Processing the Mazer’s A/V holdings began when Granholm and Williford unearthed many boxes filled with VHS tapes, with varying degrees of labeling. Next, the graduate student researchers went through the Mazer’s extensive list of recordings, and highlighted any materials that as far as they could tell, were unavailable elsewhere. Since then, they have spent months reviewing video materials, checking for quality, and adding as much identifying information as possible to the labels. In doing this, they have processed a treasure trove of videotaped history, which includes community meetings and conferences from the 1970s to 1990s, self-produced lesbian history videos, memorial services, birthday parties, films and videos that appeared in festivals, musical performances, footage from a march on Washington from the late 1970s, a talent show from the Califia lesbian retreat, educational videos, and rare lesbian pornography.


Because the videos offer them unique opportunities to watch activist histories that they’ve read about come, in a sense, to life, Granholm and Williford both admitted that they have loved viewing the Archive’s A/V materials.

“I’ve been looking at footage produced by these regional lesbian activist organizations of their own meetings, events, and performances,” says Williford. “That’s been exciting to me, because I’m sort of used to reading critical theory from certain time periods, say the 1970s and 1980s. To see the footage of the grassroots community-based events— the other side of that feminist theory—has added that human dimension. It is exciting to see all the work that people put into living out this political goal of feminist theory.”

Granholm particularly appreciates footage of activist meetings because they clearly demonstrate the contradictions, complexities, and disagreements that make up lesbian history.

 “It comes up very often,” says Granholm. “This idea that an open discussion is not just intended to facilitate everybody’s similar attitudes and ideas. In the good majority of these videos, discussions always seem to be prefaced with a statement that this discussion should be a zone for us to safely disagree with each other and to facilitate our own opinions rather than just create a major backing.”

Williford has been impressed by the extent to which the people documented in the Mazer Archive have used their various creative talents in political advocacy. The subjects of the videos often use the arts to circulate widely the tenets of academic queer theory and thereby to accessible them to audiences that might not otherwise have become aware of them.

“In a way I was surprised at how much art—and, in particular, theater—have been elements of this practice of political theory and community organizing,” says Williford. “There’s a lot of performance art, and there are many theatrical productions, shows, and things like that, which allow people to bring their creative abilities to community events. It really makes certain ideas and political notions a little more available to people through art. That’s inspiring.”

Granholm and Williford both noted that the women who took the videos in the collection clearly felt that they were in the process of documenting important history.

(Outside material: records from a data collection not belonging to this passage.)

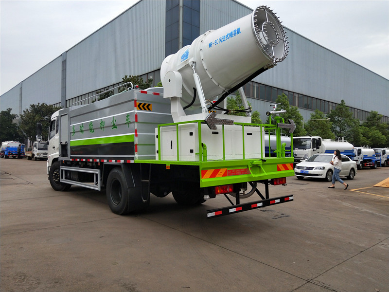 高壓灑水車,霧炮車射程高,射程遠,噴幅寬,工作效率高,環保節能,節約用水,性價比高,射霧炮有效射程可達60-200米,是通過高壓將水細霧化成跟粉塵顆粒大小的水霧顆粒(50~200微米)并從大炮狀的風筒中噴射出來,風力強勁,射程遠范圍廣,又稱為抑塵車,霧炮車,降塵車,噴藥車,多功能射霧除塵車等,主要用于高射(遠)程農藥噴灑,煤礦,港口,碼頭除塵,高爾夫球場噴霧加濕,工礦企業特定場所除塵降溫,災區重點防疫,滅菌,消毒,農作物,數目噴水,噴藥等,專治霧霾除塵除濕,達到凈化空氣的目的。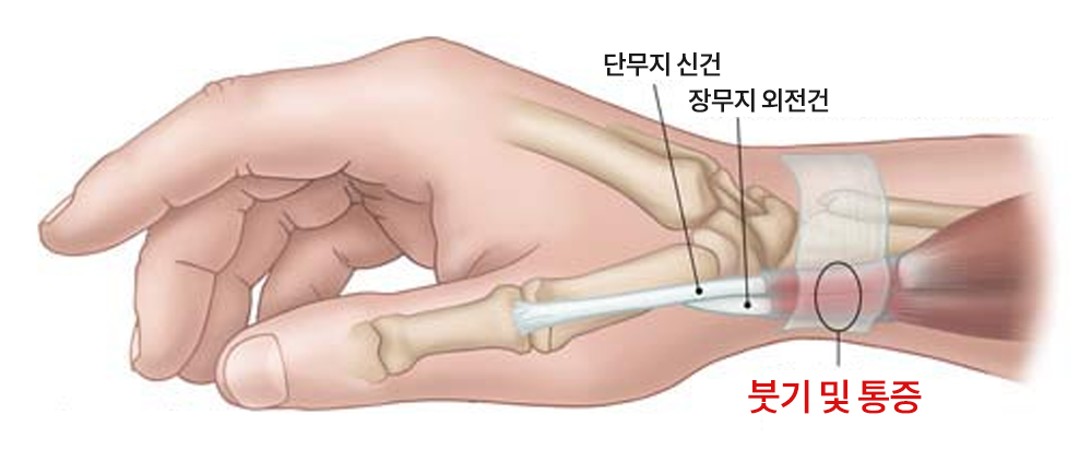 손을 과도하게 사용하면 힘줄 주변에 염증이 생기고 통증을 일으키게 됩니다.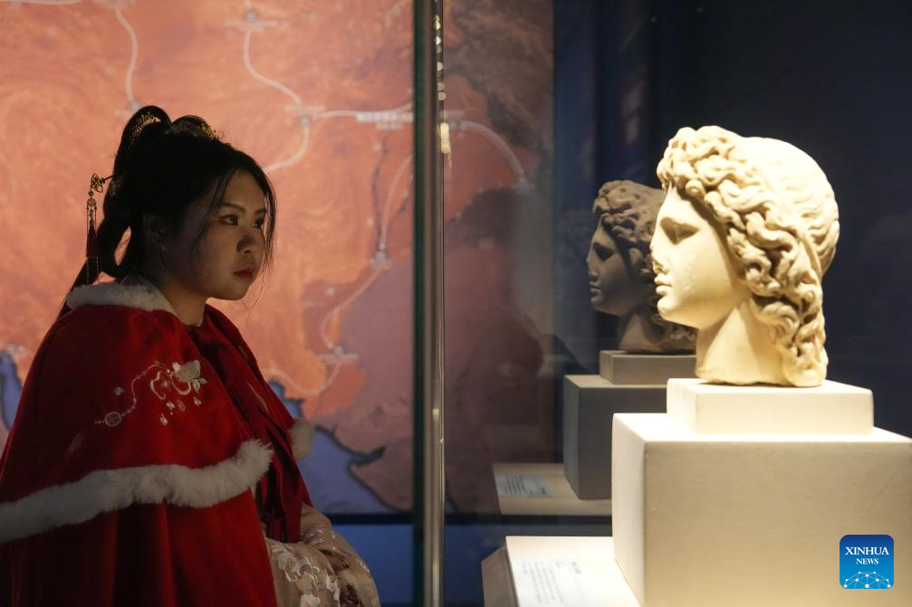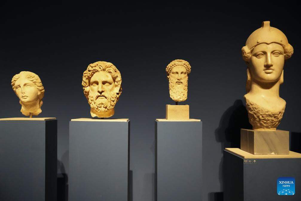 Sculptures are on display at an exhibition titled "The Greeks: From Agamemnon to Alexander the Great" at Hunan Museum in Changsha, central China's Hunan Province, Jan. 3, 2024. The exhibition features a total of 270 pieces or sets of cultural relics from 14 museums and cultural institutions in Greece, including gold ware, bronze ware, pottery and sculptures. The exhibition is available until May 18, 2024. (Xinhua/Xue Yuge)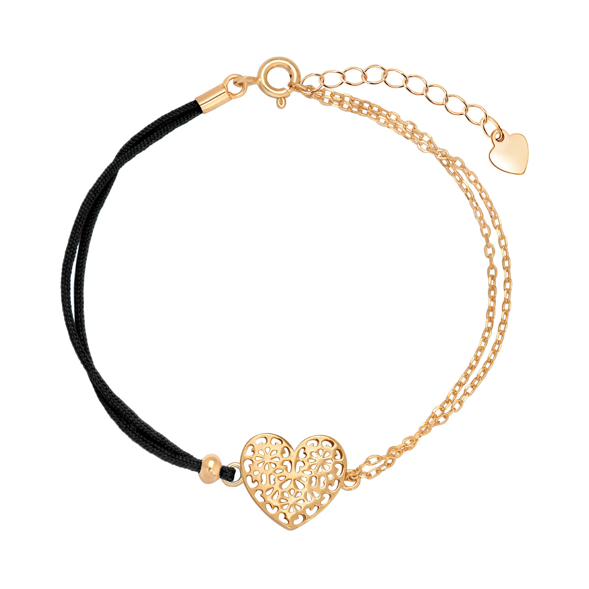 Pozłacana bransoletka (srebro 925) na czarnym sznurku. Jej sercem jest ażurowe, dwustronne serce o płaskim profilu. Wyjątkowy charakter nadaje asymetryczne połączenie: z jednej strony podwójny łańcuszek o szlifowanym splocie ankier, z drugiej – minimalistyczny sznurek z ozdobną kulką. Lekka, nowoczesna i efektowna.

“The other thing that has surprised me is just how carefully and consistently these organizations have documented and preserved their own activities, and their own people and figures who were influential and involved along the way,” says Williford. “I’ve been impressed at the extent to which these women working with these organizations were all so aware of documenting themselves along the way, preserving the history of activities even as they were doing them. Crucial to the project is their awareness at the time and that is coming through to me as we process all these materials, butespecially the video material.”

The Mazer Archives are known for preserving evidence of the lives of women that might otherwise go lost. Granholm was impressed by the histories revealed by the self-made documentaries in the collection. For example, Diane Germaine’s self-made documentary Lesbian Decade, The San Diego ‘70s, which includes excerpts from many lengthy interviews taken by the filmmaker, illuminates the otherwise undocumented stories of a multi-faceted community.

“It consisted of a couple of hour-long interviews with women talking about their own experiences, whether that was coming out, meeting other women, bar culture, and how that’s changed from then to now,” says Granholm. “A lot of these things were mind blowing to me because I just didn’t know most of this stuff. It was really incredible.”

The collection contains generous documentation of the work that lesbians did with gay men in order to fight AIDS. Popular accounts of the epidemic often overlook this angle of its history in their emphasis on the activism of gay males. It also includes meetings of OLOC (Old Lesbians Organizing for Change), providing a welcome visual corrective to the majority of LGBT visual media, which often focuses on the young.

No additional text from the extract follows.